Some awards provide that the same shutdown conditions that apply to most employees in the business will apply to employees under that award.
If a modern award does not contain a provision regarding an annual shutdown, an employer cannot direct employees to take annual leave as an annual shutdown. The Fair Work Act (s88) states that paid annual leave may be taken for a period agreed between an employee and an employer. This means an employer must obtain the agreement of each affected employee for a shutdown down to occur.
A prospective employee should be advised at the time of recruitment that they may be required to take annual leave during the company’s annual shutdown. This may influence a prospective employee’s decision whether to accept employment with the company.
AWARD/AGREEMENT FREE EMPLOYEES
The Fair Work Act (s94(5)) provides that an employer may require an award/agreement employee to take a period of paid annual leave, but only if the request is reasonable. Section 94(5)(b) provides examples of a reasonable request by an employer, including the employer’s enterprise being shut down for a period, e.g. Christmas and New Year.
Matters that can be agreed upon between an employer and an award/agreement free employee include:
- that paid annual leave may be taken in advance of accrual (when the period of the shutdown exceeds an employee’s annual leave accrual)
- that a specified period of notice must be given before taking annual leave, e.g. four weeks’ notice, and
- the form of application for paid annual leave.

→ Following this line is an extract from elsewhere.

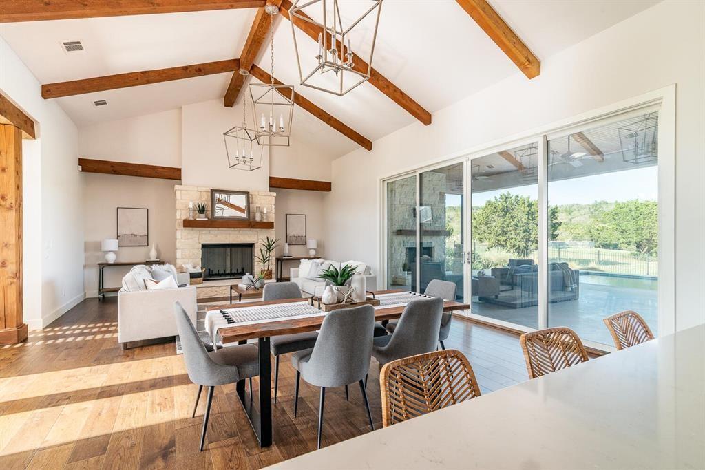 LOWEST PRICED HOME in Belvedere! Bring us an offer! MOTIVATED SELLERS! This 2016 Olson Defendorf masterpiece on a sprawling 1.6-acre lot offers a luxurious, open-concept floor plan perfect for entertaining. With beamed ceilings, recessed lighting, solid wood floors, and abundant natural light, this contemporary gem boasts style and sophistication. Enjoy panoramic hill country views and your own sparkling pool from the spacious covered patio, complete with a fireplace and built-in SS grill. The chef-inspired kitchen features Thermador SS appliances, double ovens, two dishwashers, a microwave drawer, quartz countertops, a large island, breakfast bar, and walk-in pantry. The owner's retreat is a bright sanctuary with bay windows, beamed ceilings, and an en-suite bath featuring a soaking/jetted tub, separate shower, and his/hers walk-in closets. This home also offers a private study, guest bedroom with en-suite bath, and a media room with a built-in sound system on the main level. Upstairs, enjoy additional living/flex space and two guest bedrooms. Belvedere living includes premium amenities like a lazy river, splash pad, sport courts, scenic trails, fishing pond, and more. Just 30 minutes from downtown Austin and zoned for award-winning Lake Travis ISD schools, this is your chance to embrace the Texas Hill Country lifestyle – schedule a showing today!

The Fair Work Act (s115) lists a schedule of days prescribed as a public holiday for the purpose of the National Employment Standards.

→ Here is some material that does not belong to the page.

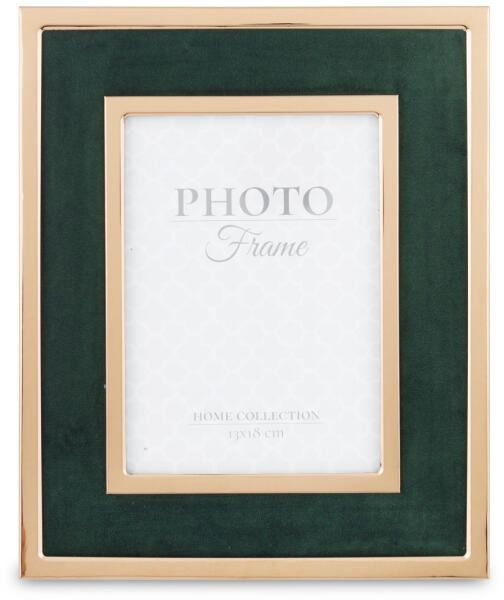 Műanyag keret 18x24 cm-es képhez Paszpartuval 13x18 cm-es képhez Sötétzöld szín A keret 18x24 cm-es képhez készült. Vékony, gömbölyű léccel, fémes hatású festéssel. Közepén perforációval, melyet kiemelve a megmaradt rész paszpartuként használható. Hátlapja farostlemez, kitámasztóval. Fektethető és állítható, valamint akasztható elrendezéssel. Sötétzöld szín

These provisions apply in conjunction with the public holidays declared under the relevant state or territory public holiday legislation. As mentioned previously, the Fair Work Act provides that if a public holiday falls during a period of annual leave (such as an annual shutdown), an employee is taken not to be on annual leave where the public holiday falls on a day the employee usually is required to work.
OTHER PERIODS OF PAID LEAVE
Under the Fair Work Act (s89(2)), if the period of a shutdown for annual leave includes a period of any other paid leave, such as a public holiday, personal/carer’s leave, compassionate leave or community service leave, an employee is not taken to be on paid annual leave for the period of the other leave. This provision applies to paid leave entitlements under the National Employment Standards.
LONG SERVICE LEAVE
A state or territory long service leave statute will usually provide that a period of long service leave and paid annual leave cannot be taken concurrently. Therefore, if an annual shutdown coincides with an employee’s absence on long service leave, the employee is deemed to be absent on long service leave and not paid annual leave.
The bottom line: Most modern awards contain terms that permit an employer to close down a business for the purposes of taking annual leave. There is also some protection for an employer where an employee takes annual leave in advance and terminates before the employee has accrued enough annual leave to cover the leave taken in advance.
Generally, an employee is taken to be on a form of paid leave other than annual leave where two forms of paid leave coincide.